Στις 16-05-2013, ημέρα Πεμ, και ώρα 11:03 +0200, ο/η Michael Tsikerdekis έγραψε:
Hi everyone,
I am trying to restore the revision table from Wikipedia dumps. I understand that the file that I need is probably enwiki-XX-pages- logging.xml.gz
Actually you want one of the xml files with page content, either enwiki-20130503-pages-articles.xml.bz2 , enwiki-20130503-pages-meta-current.xml.bz2 or the various meta-history bz2 or 7z files. This depends on whether you want the current revision for the articles and related namespace pages only, the current revision for all pages, or all revisions for all pages.
Mwdumper will generate sql from these files to populate the revision, text and page tables, all in one output file. All of these will be written in one file intermingled, so you'll want to grab just the sql statements pertaining to the revision table if that's all you want to recreate. I don't know if it works well with the latest dumps.
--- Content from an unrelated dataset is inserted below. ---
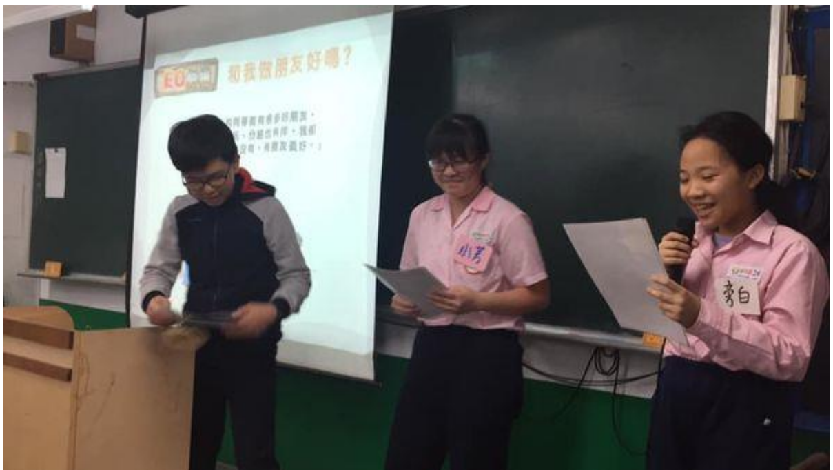
照片說明：學生表演話劇

The pages-logging xml file could conceivably be used for repopulating the logging table and part of the user table (poorly); I imagine most folks use it for research purposes rather than import data.
PS: I've also tried to build mwdumper: git clone https://gerrit.wikimedia.org/r/p/mediawiki/tools/mwdumper.git mwdumper
However I couldn't use make or ant since there was not build.xml or makefile in the git.
You can backtrack a couple revisions in git to get one that's buildable. I'm cc-ing Chad on this since he knows about the build setup.
Ariel